# NiteRider battery replacement



## tws_andrew (May 18, 2008)

I have a bunch of old NiteRider lights but no working batteries (surprise). I mainly want to sell them or use them as spares for friends but I looked at battery replacements and they cost more than the current light offerings at 2x the output. Is there a relatively decent priced place to buy replacement batteries for NiteRider or can I buy no name and make it work. Any help would be greatly appreciated.


----------



## Cat-man-do (May 16, 2004)

tws_andrew said:


> I have a bunch of old NiteRider lights but no working batteries (surprise). I mainly want to sell them or use them as spares for friends but I looked at battery replacements and they cost more than the current light offerings at 2x the output. Is there a relatively decent priced place to buy replacement batteries for NiteRider or can I buy no name and make it work. Any help would be greatly appreciated.

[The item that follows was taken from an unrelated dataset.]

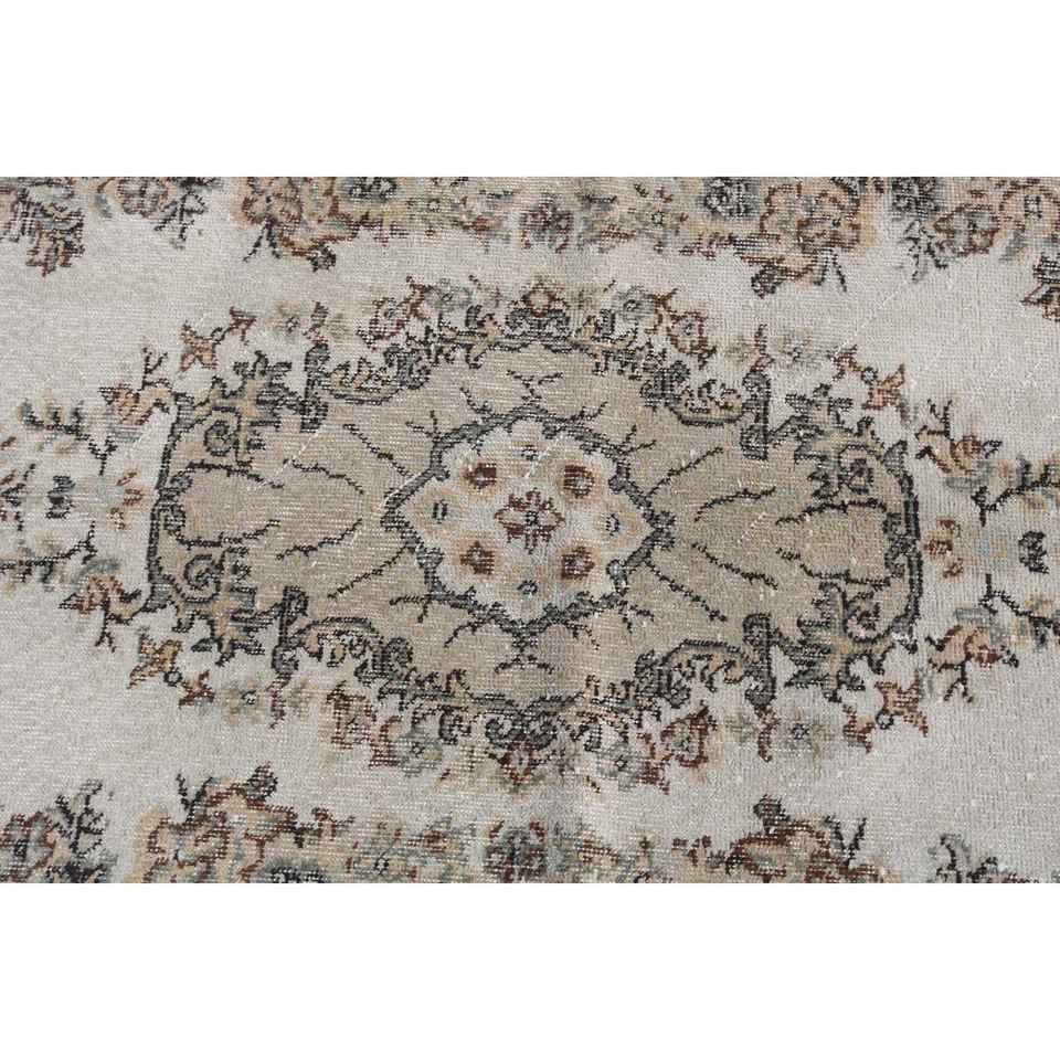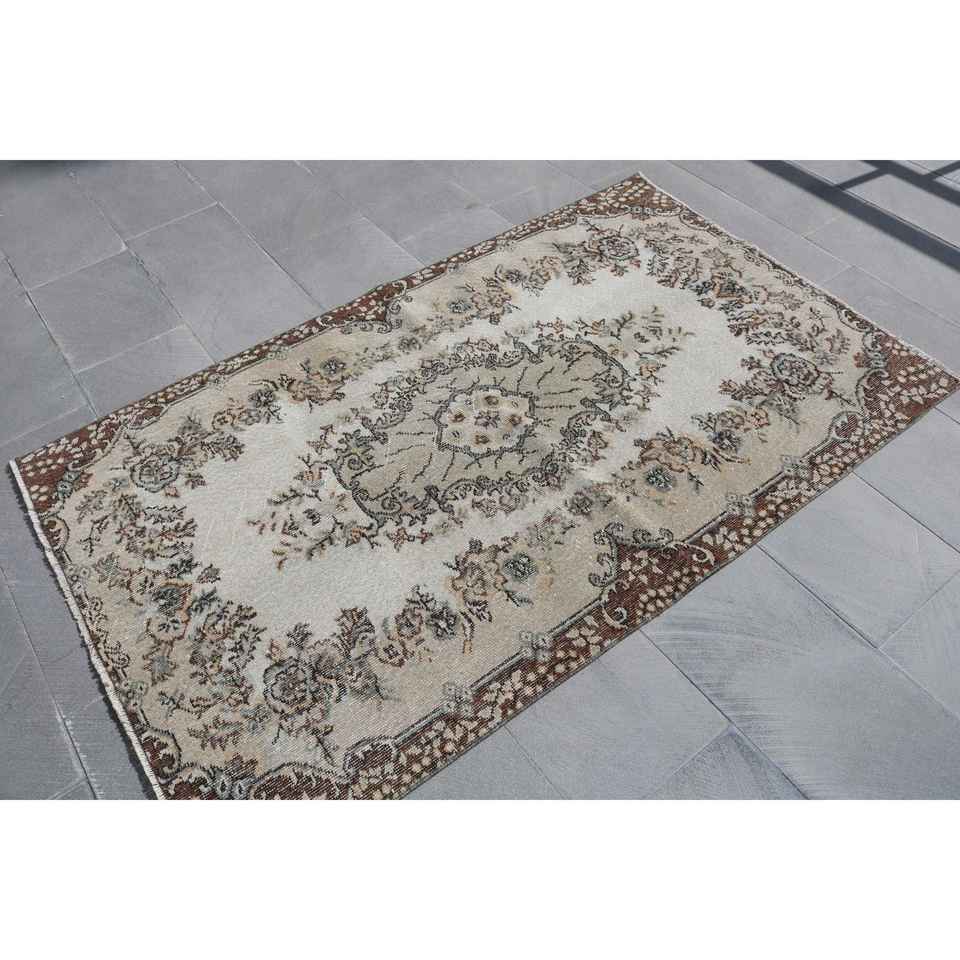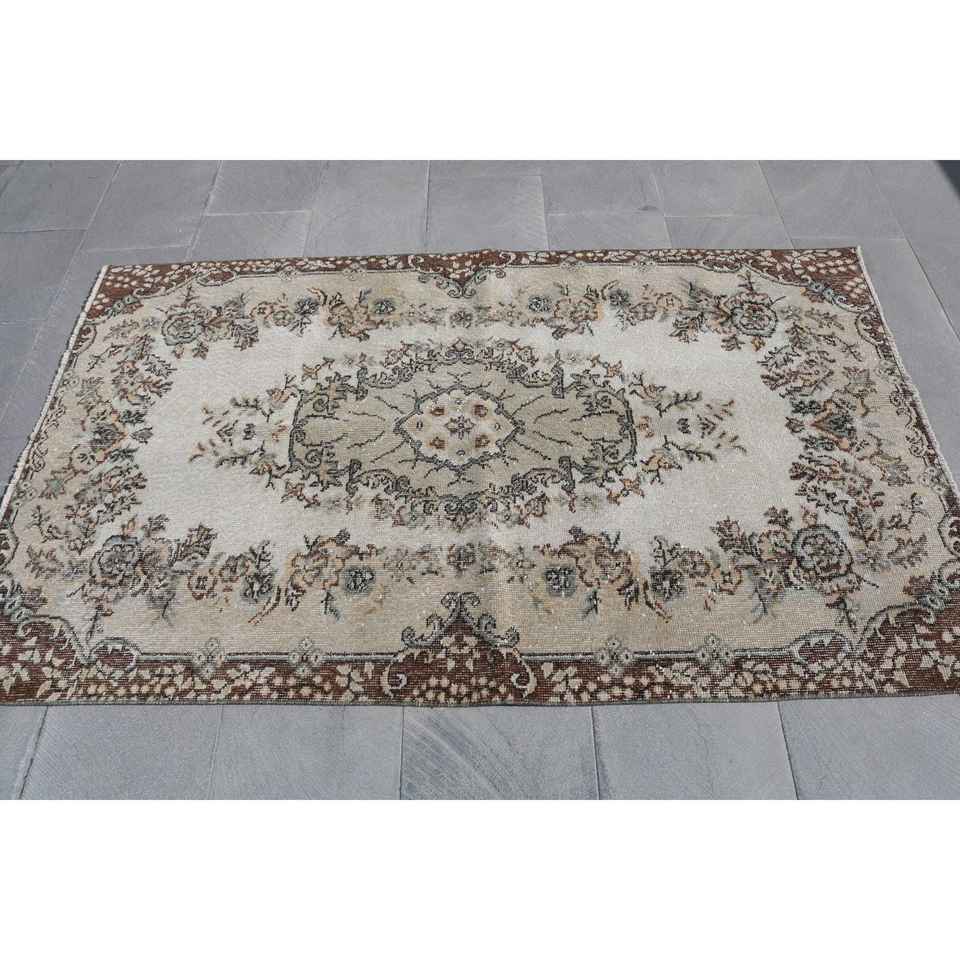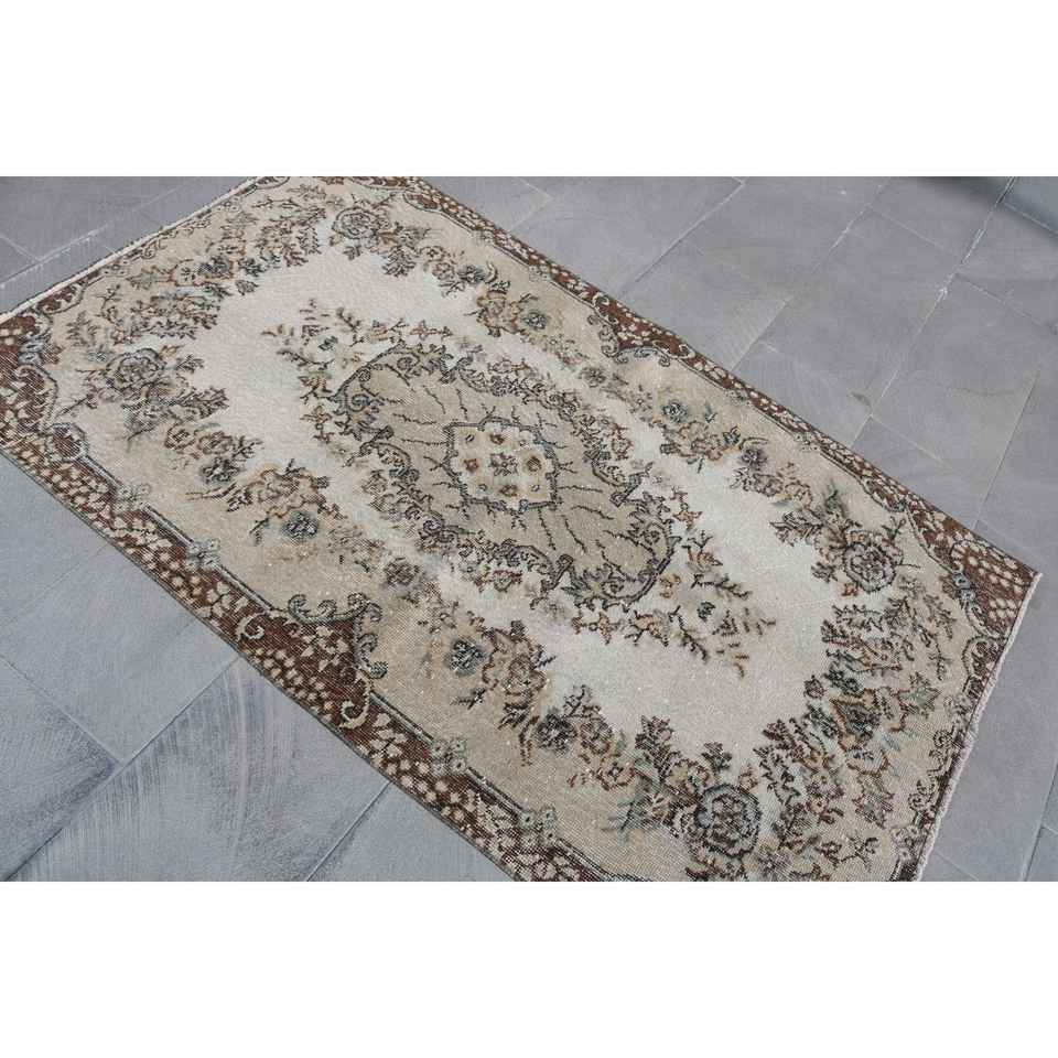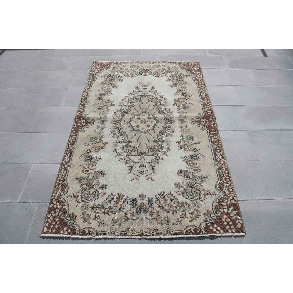 Turkish Accent Rug 3.7x6 ft, Vintage Brown Polka dot Wool Rug

I would suggest a different approach. Sell the old lights for parts and buy a couple cheap Chinese clone lamps off of e-bay ( or elsewhere ). You'd be surprised what you can get for $50 nowadays.. Check some of the threads that deal with clone lamps. There are some good deals to be had if quality is not a big issue.


----------



## tws_andrew (May 18, 2008)

I already have a backup Cree XLM from ebay and realize how cheap they are so that's why I figured I could get next to nothing for the NiteRider stuff. I will put it in the classifieds and see what happens


----------



## circusubet (Aug 5, 2006)

*With You*



tws_andrew said:


> I have a bunch of old NiteRider lights but no working batteries (surprise). I mainly want to sell them or use them as spares for friends but I looked at battery replacements and they cost more than the current light offerings at 2x the output. Is there a relatively decent priced place to buy replacement batteries for NiteRider or can I buy no name and make it work. Any help would be greatly appreciated.


I have many from NiteRider parts from '94 and on and on, the old water bottle batteries, light heads and a bulbs, (HID) that they wanted $110 for but I found the same product for $40. Sooo what I am saying is if you will pay freight, I will GIVE you all I have. I am just a giver....:madman:

Thx,
John


----------